We have a Fisher forecasting code available to use - David Alonso's GoFish code, that includes all of these measurements, including correlations with CMB lensing. The nuisance parameters it includes are galaxy biases for the clustering, and multiplicative biases for the shear. It also includes photo-z uncertainty, some intrinsic alignment uncertainty, and some accounting for baryonic effects.
Currently it spits our 'standard' DE parameters w0-wa, as well as curvature, neutrino mass etc. Here is a plan:
1. Jo's student Siddharth will use GoFish code to compare w0-wa errors for Planck+DESI-BAO+LSST-clustering versus Planck+S4+DESI-BAO + LSST-clustering (including all the cross-correlations and free galaxy bias parameters), and Planck+DESI-BAO + LSST-shear versus S4+DESI-BAO LSST-shear. These two tests will demonstrate the impact of adding S4 to the currently-funded experiments.
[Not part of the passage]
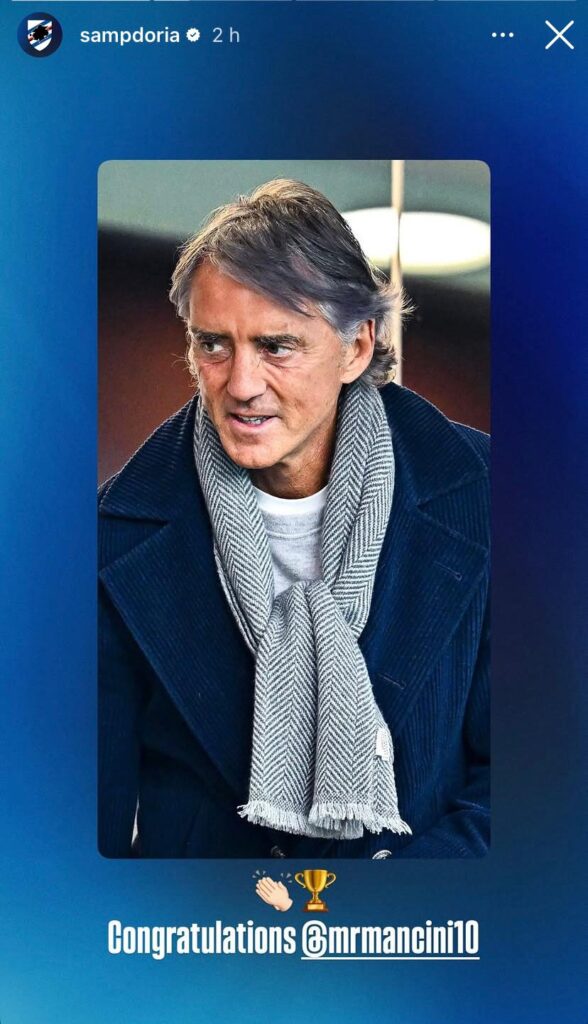 Sui propri account social la Sampdoria ha pubblicato una story che raffigura Mancini in visita al Luigi Ferraris e gli ha fatto le “congratulazioni”, allegando l’emoji dell’applauso e del trofeo.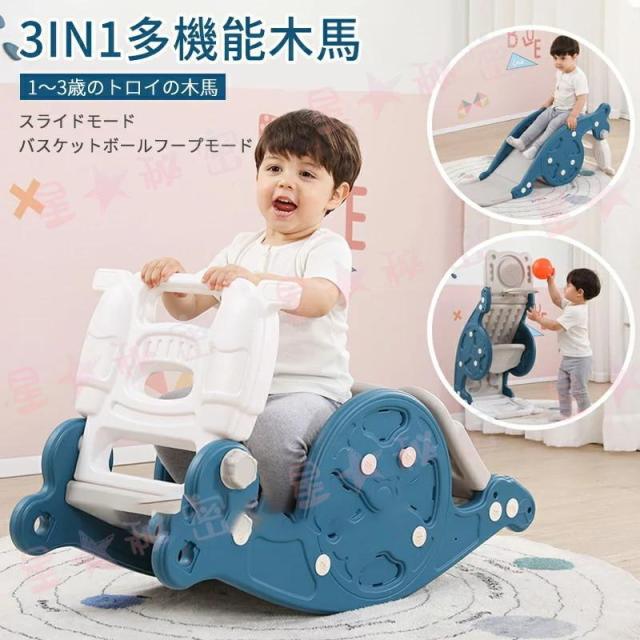 すべり台 滑り台 木馬 3in1 乗り物 乗用 バスケットゴール コンパクト 室内 室外 室内遊具 屋外遊具 赤ちゃん ベビー 幼児 子供

The impact of S4 is expected to be a better handle on the bias parameters, and an extra higher-redshift slice.
2. Mat Madhavacheril will adapt that code to spit out sigma8(z) like for clusters, instead of w0-wa, as we expect to see a stronger effect of the contribution of CMB lensing at high redshift.
Note - aware that many others in the S4 lensing and DE groups have similar codes and alternative routes to doing this. Other contributions on this front welcome!